Thursday, August 16, 2007

Almost 300 dead or missing in N Korea floods


North Korean passersby make their way through a flooded street in Pyongyang, North Korea, Tuesday, Aug. 14, 2007 , in this image made from television. Severe floods caused by days of heavy rains in North Korea have left at least 200 people dead or missing and will hamper the country's ability to feed itself for at least a year, an international aid group operating in the country said Tuesday. (AP Photo/APTN)


Almost 300 dead or missing in N Korea floods



Almost 300 people are dead or missing in floods in North Korea, an aid agency said, as the communist state painted a grim picture of inundated crops and homes, flooded mines and washed-out roads.
The International Federation of Red Cross and Red Crescent Societies (IFRC) said 214 were killed and 80 are missing in what it has called the worst floods to hit the impoverished country in a decade.
The acting head of the IFRC delegation in Pyongyang, Terje Lysholm, told AFP by phone that the figures - the first detailed casualty count - came from the government.
Official data says some 300,000 people are homeless and 11 per cent of the grain harvest - equivalent to some 450,000 tons - was lost in a country which already needs foreign aid to feed its people.
In the latest unusually detailed report from the reclusive state, an official broadcasting station said main roads, including one linking the capital Pyongyang to the eastern city of Wonsan, were badly damaged.
"Korean People's Army soldiers are also out in force to stage hectic struggles to restore roads," it said, as quoted by Seoul's Yonhap news agency.
Some 46,580 homes of 88,400 families were destroyed or damaged, 400 commercial plants and 20 mines were flooded and landslides cut railways in 43 places, official media said.
It said the showpiece capital was hit from August 7-11 by record rainfall which swelled the Taedong River to danger levels and left some streets under two metres of water.
Traffic, electricity and communications networks were disrupted, parks were buried under silt and the homes of 6,400 families in the city were inundated, the North's official Korean Central News Agency said.
The IFRC has said at least 100,000 hectares of farmland were inundated nationwide but it reported improved weather on Thursday (local time).
"There is no rain today and the Taedong River level has decreased a lot," Mr Lysholm said.
Food shortfall
North Korea faced a food shortfall this year of one million tonnes, or 20 per cent of its needs, even before the floods hit.
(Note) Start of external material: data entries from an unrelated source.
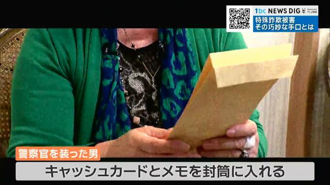 女性は、電話の指示通り自宅を訪れた警察官を装った男にキャッシュカードと暗証番号が書かれたメモを手渡すと、男は女性の目の前で封筒にいれたと言います。そして…。
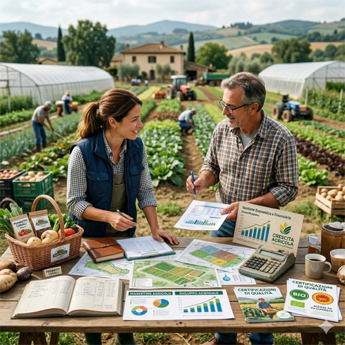 Consulenza su gestione economica e finanziaria, marketing agricolo, certificazioni di qualità, diversificazione delle attività e accesso ai mercati.
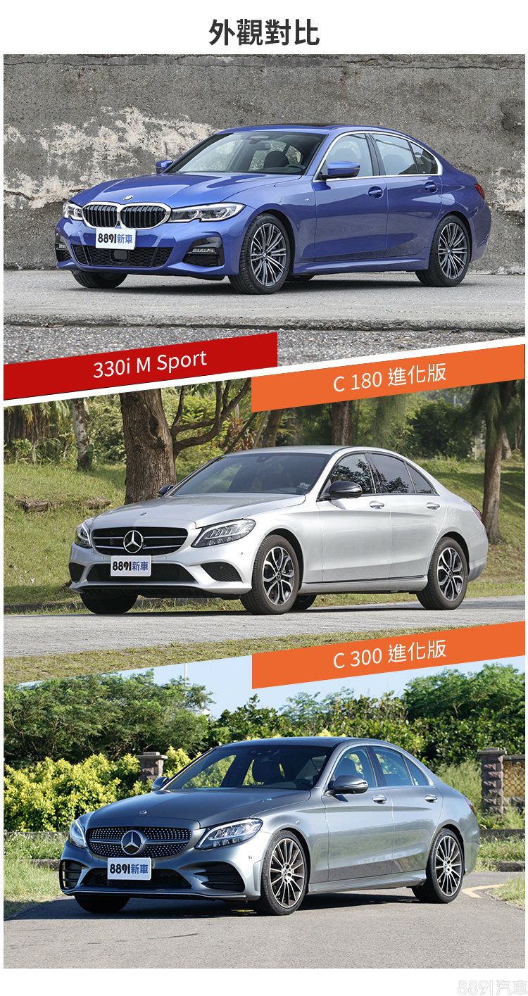 大改款3系列有著較前代更為銳利流線的線條,立體式燈殼頗具辨識性。目前國內販售車型統一標配M Sport套件,與品牌運動化的形象頗為契合。C-Class整體來說較3系列多了點成熟氣息,隨著進化版的推出,C 180標配Avantgarde外觀套件,其餘車型則搭載AMG Line外觀套件,營造更運動化的視覺形象。

It suffered a famine in the mid- to late 1990s which killed hundreds of thousands.
The World Food Program (WFP) said it has proposed an emergency program to feed 500,000 people for a month and is awaiting Pyongyang's response.
If the North approves this, the WFP will immediately launch an international appeal for funds to avoid having to cut back on its existing program, its regional spokesman Paul Risley said.
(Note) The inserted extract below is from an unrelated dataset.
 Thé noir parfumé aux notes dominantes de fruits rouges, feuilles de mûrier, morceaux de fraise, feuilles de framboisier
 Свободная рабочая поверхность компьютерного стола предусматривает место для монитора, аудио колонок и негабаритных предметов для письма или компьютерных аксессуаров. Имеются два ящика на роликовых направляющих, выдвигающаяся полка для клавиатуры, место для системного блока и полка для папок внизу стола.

The UN agency currently feeds 750,000 people, mainly children and pregnant or nursing women, and plans to expand this to 1.9 million by next month.
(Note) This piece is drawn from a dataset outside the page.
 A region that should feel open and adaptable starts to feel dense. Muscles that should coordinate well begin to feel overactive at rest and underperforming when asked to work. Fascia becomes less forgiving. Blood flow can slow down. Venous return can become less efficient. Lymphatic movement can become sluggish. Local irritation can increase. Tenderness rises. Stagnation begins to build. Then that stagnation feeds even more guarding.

Mr Risley told AFP the speed with which Pyongyang publicised damage could indicate the severity of the situation.
"Political developments may also have increased the government's willingness to work more closely with international organisations," he said, citing the North's commitment to denuclearise and the upcoming inter-Korean summit.
But some analysts say the North may have exaggerated damage to secure aid.
"North Korea in recent years has tended to exaggerate losses from natural disasters to obtain as much outside aid as possible," Professor Nam Sung-Wook of Korea University told AFP.
Lee Young-Hoon, an expert on North Korea at the central bank, could not say if damage had been exaggerated but added that flooding was largely man-made.
"Since the North reached out to the outside for help following the disasters in the mid-1990s, it has been pretty open about any damage from natural disasters, apparently being conscious of outside aid," he said.
"Much of the blame for the damage should be put on the disastrous failure in policies, especially in agriculture.
"Because of the silt from deforested mountains and terraced rice paddies, riverbeds are rising every year."